4.17.                  For the purposes of economic analysis and policy design which are clearly linked to a specific economy, the national economy in which expenditures have occurred needs to be specified. 

4.18.                  In response to this requirement, the following categories of tourism expenditure have been defined (IRTS 2008, para. 4.15): 

4.19.                  It should be underlined that not all expenditure made by a visitor who is on an outbound trip occurs outside the visitor’s economy of reference. Since a trip is defined as a roundtrip, an outbound trip involves travel from the time of departure from a person’s place of residence until the person returns to that place, in which the main destination is outside this country of residence (IRTS 2008, para. 2.7).

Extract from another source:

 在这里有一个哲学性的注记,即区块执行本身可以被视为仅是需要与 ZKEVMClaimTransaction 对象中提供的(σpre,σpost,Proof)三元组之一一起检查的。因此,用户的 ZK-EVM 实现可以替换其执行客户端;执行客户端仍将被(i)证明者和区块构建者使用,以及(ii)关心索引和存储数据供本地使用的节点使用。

This means that an outbound trip can include a leg (even a long one) travelled within the country of origin before it is departed from (see para. 3.103). This leg might involve expenditure on transportation to the airport, port, railway or bus station or land border; on food, goods and services; and even on accommodation for one or more nights before departure of the country. All such expenditures, provided they correspond to transactions between two residents (the visitor and the purveyor), should be included in domestic tourism expenditure as it relates to the domestic leg of an outbound trip. Included in domestic tourism expenditure are also all the resident‑to‑resident expenditures made for the purpose of an outbound trip before the trip (e.g., clothes for the trip and film). 

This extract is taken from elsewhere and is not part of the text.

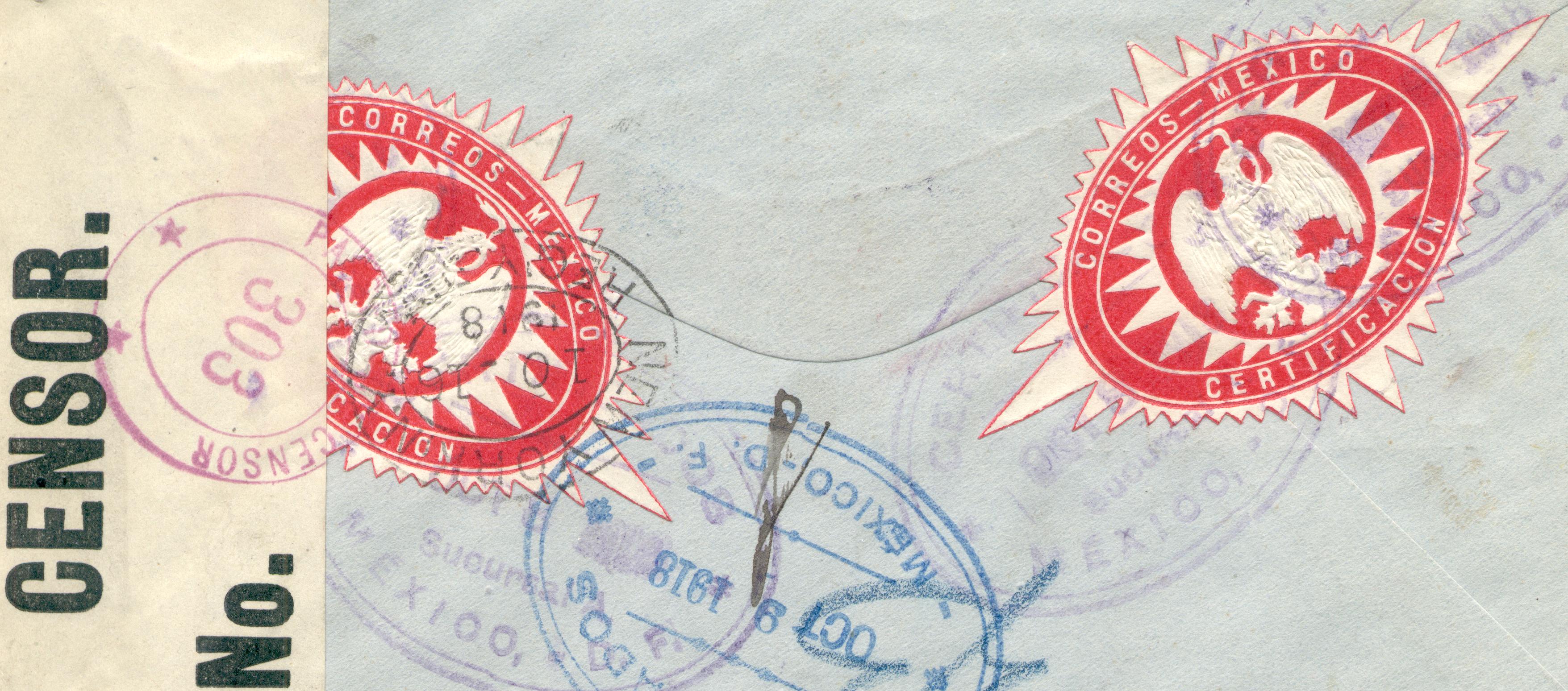 Zu mexikanischen Einschreibe-Siegelmarken kann ich weiss Gott auch nichts beitragen -- allerdings etwas, hoffe ich, zur amerikansichen Zivilzensur waehrend des ersten Weltkrieges.

4.20.                  The case is similar for outbound legs of domestic trips. Such visits should not be counted as trips, since by definition they are not round trips (IRTS 2008, para. 2.30). The expenditure associated with outbound legs of domestic trips should be included under outbound tourism expenditure (since they involve transactions between residents to non‑residents). It should be noted that a trip with both a domestic and an outbound component should be classified as “domestic” or “outbound” on the basis of the location of the main destination. 

Figure IV.1 

Case of a domestic trip with an outbound leg and of an outbound trip with a domestic leg

 

4.21.                  The above demonstrate that there is no one‑to‑one correlation between trip classified as domestic, outbound or inbound tourism, on the one hand, and tourism expenditures classified in those same categories (domestic, outbound, inbound), on the other. Part of the expenditure by visitors on outbound trips is treated as outbound tourism expenditure, while part is treated as domestic tourism expenditure and added to expenditure by visitors on domestic trips. The opposite is also true: part of the expenditure on a domestic trip might correspond to an outbound leg of the trip, thus falling within outbound tourism consumption. Similarly, expenditure by visitors on inbound trips which occurs en route within the visitors’ own economy of origin (or in an economy other than the reference economy) is excluded from inbound tourism consumption in the country visited. It should be noted that the determinant of whether the expenditure is domestic or outbound depends on the economy in which the good or service is obtained by the visitor, not the economy in which the payment is made. 

4.22.                  A related situation is one where a domestic visitor (with no outbound component of his or her trip) purchases a product obtained on the domestic trip from a non‑resident provider (e.g., an agent on the Internet). In such a case, the expenditure should be included in outbound expenditure, as the transaction is between a resident and a non‑resident entity (IRTS 2008, para. 4.17). However, in practice in collecting such data in a household survey (the recommended methodology), it is unlikely that the non‑residency of the provider could be identified. 

4.23.                  The figure below illustrates how types of tourism trips and the categories of tourism expenditure are related.

Figure IV.2 

Relationship among trips, the venue of expenditure and tourism expenditure

Note: For domestic visitors: "expenditure within the economy of reference of resident visitors on domestic trips" is not "domestic tourism expenditure" if the product is provided by a non‑resident entity. For outbound visitors: "expenditure within the economy of reference of resident visitors on outbound trips" is not domestic tourism expenditure if the provider in a non‑resident.